## DATA TO USE
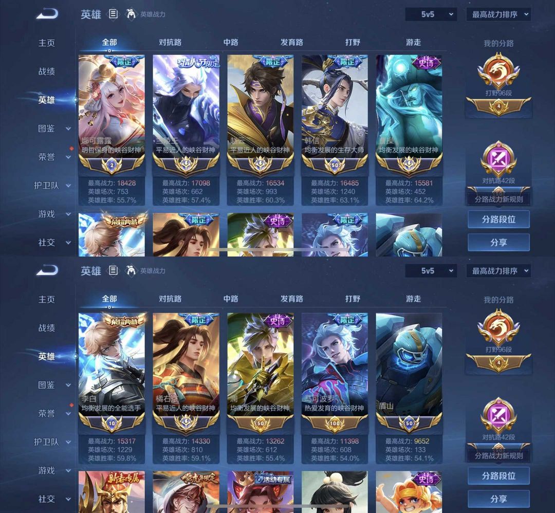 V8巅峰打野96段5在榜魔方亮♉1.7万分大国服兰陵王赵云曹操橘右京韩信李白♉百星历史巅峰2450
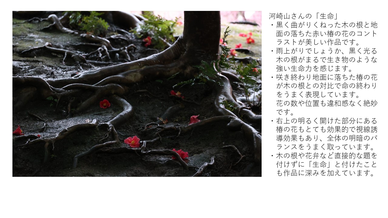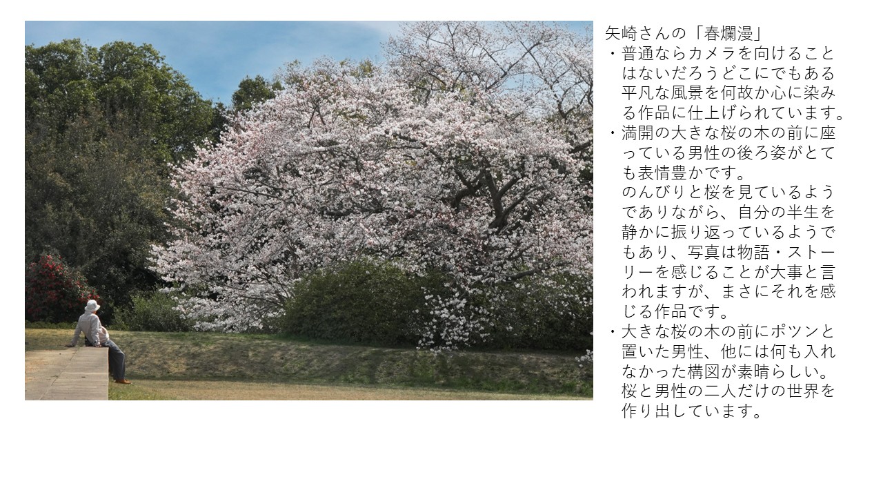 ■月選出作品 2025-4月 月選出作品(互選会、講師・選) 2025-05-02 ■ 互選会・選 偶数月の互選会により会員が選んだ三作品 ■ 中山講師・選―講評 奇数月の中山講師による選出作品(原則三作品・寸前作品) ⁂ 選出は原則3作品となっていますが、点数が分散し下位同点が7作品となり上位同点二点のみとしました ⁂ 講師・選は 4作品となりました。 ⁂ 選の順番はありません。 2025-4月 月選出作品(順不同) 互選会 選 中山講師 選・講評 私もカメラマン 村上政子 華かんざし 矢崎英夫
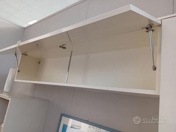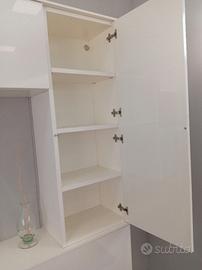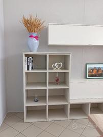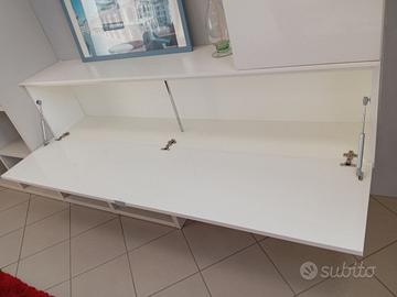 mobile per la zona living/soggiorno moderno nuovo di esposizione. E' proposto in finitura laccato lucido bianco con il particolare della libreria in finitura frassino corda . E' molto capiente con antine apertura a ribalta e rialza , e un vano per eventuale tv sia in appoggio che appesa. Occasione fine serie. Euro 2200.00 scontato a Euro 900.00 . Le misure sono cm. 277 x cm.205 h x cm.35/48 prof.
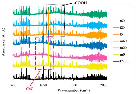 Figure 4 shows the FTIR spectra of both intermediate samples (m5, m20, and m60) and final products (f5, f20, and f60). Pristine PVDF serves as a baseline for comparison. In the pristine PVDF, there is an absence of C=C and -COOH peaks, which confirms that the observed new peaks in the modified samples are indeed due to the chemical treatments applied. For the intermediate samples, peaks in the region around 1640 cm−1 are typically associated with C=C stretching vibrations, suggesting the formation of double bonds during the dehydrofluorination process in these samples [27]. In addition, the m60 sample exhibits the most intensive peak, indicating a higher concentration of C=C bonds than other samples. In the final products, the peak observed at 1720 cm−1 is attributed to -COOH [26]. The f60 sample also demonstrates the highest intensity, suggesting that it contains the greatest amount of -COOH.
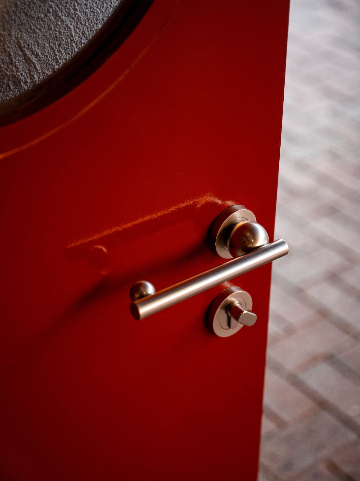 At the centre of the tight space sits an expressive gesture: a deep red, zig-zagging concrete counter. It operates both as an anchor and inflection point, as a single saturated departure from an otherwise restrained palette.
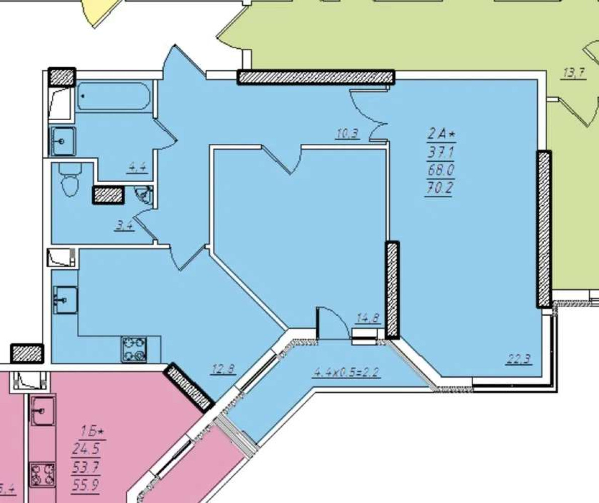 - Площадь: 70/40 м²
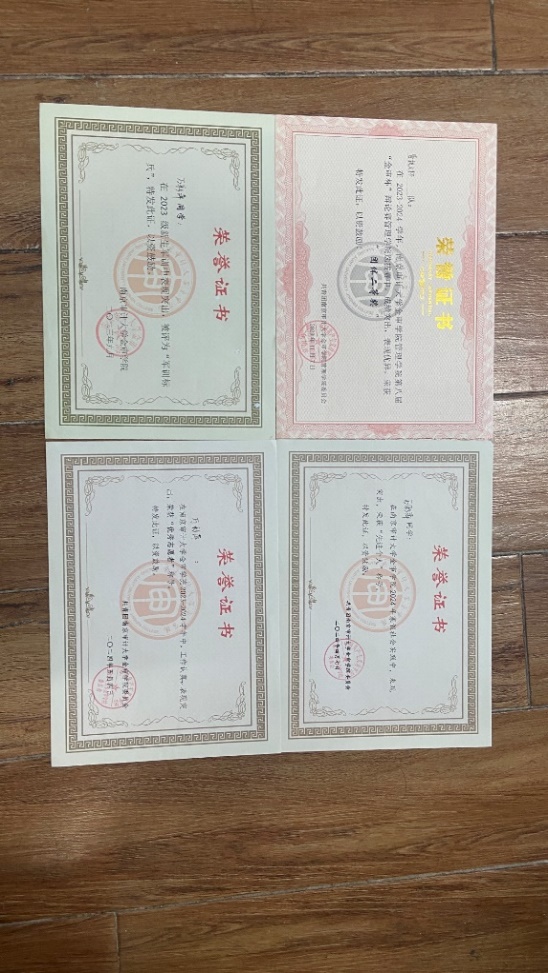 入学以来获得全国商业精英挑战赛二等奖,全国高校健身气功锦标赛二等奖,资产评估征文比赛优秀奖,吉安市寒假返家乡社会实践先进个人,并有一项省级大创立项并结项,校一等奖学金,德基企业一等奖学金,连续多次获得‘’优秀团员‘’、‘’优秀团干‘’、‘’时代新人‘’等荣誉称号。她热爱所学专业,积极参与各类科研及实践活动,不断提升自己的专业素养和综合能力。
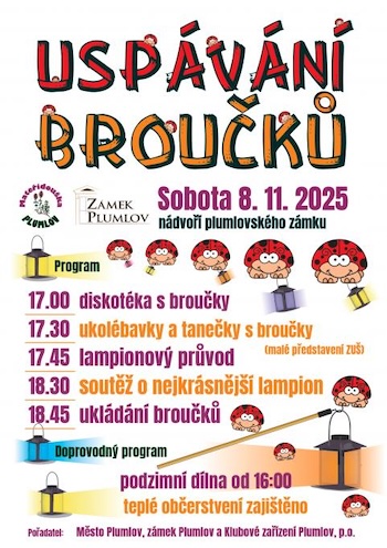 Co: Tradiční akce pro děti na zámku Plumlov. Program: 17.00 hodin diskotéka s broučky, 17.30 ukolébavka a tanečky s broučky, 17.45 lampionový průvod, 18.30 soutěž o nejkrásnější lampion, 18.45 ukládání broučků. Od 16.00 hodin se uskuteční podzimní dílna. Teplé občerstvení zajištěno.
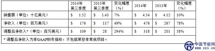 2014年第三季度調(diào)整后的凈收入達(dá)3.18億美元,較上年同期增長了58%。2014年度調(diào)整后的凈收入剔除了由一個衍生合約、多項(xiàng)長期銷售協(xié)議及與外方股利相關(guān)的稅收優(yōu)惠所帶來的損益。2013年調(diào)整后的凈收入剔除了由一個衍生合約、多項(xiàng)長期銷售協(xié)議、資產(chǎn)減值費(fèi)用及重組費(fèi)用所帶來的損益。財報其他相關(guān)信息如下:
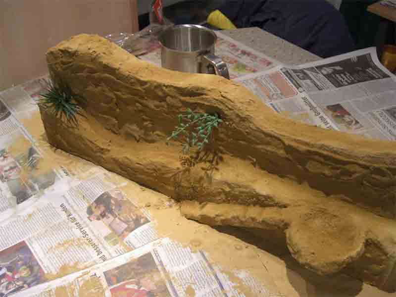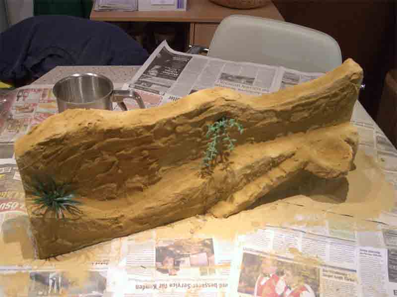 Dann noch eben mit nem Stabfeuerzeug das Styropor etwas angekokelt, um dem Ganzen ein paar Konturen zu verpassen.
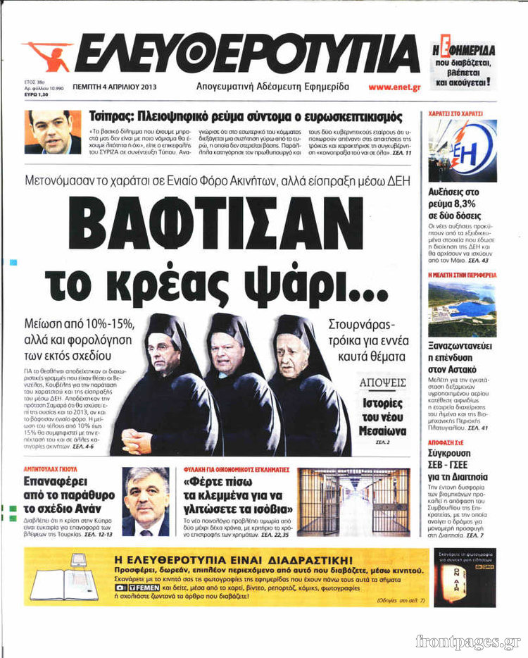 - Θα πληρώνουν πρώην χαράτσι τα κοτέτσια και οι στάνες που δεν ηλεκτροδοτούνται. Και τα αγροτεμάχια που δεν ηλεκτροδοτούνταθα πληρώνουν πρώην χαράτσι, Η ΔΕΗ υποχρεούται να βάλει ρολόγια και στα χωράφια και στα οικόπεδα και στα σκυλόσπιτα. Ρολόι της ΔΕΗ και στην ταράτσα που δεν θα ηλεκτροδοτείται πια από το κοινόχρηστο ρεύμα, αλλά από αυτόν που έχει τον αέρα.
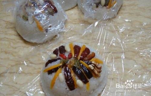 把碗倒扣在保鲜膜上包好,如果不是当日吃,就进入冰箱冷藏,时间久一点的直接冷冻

## EXERCISE DIRECTIONS
Could you transcribe exactly the lines running from the one with "Dann noch eben" to the final line of the material above, both included, with no pictures?

## ANSWER BELOW
 Dann noch eben mit nem Stabfeuerzeug das Styropor etwas angekokelt, um dem Ganzen ein paar Konturen zu verpassen.
 - Θα πληρώνουν πρώην χαράτσι τα κοτέτσια και οι στάνες που δεν ηλεκτροδοτούνται. Και τα αγροτεμάχια που δεν ηλεκτροδοτούνταθα πληρώνουν πρώην χαράτσι, Η ΔΕΗ υποχρεούται να βάλει ρολόγια και στα χωράφια και στα οικόπεδα και στα σκυλόσπιτα. Ρολόι της ΔΕΗ και στην ταράτσα που δεν θα ηλεκτροδοτείται πια από το κοινόχρηστο ρεύμα, αλλά από αυτόν που έχει τον αέρα.
 把碗倒扣在保鲜膜上包好,如果不是当日吃,就进入冰箱冷藏,时间久一点的直接冷冻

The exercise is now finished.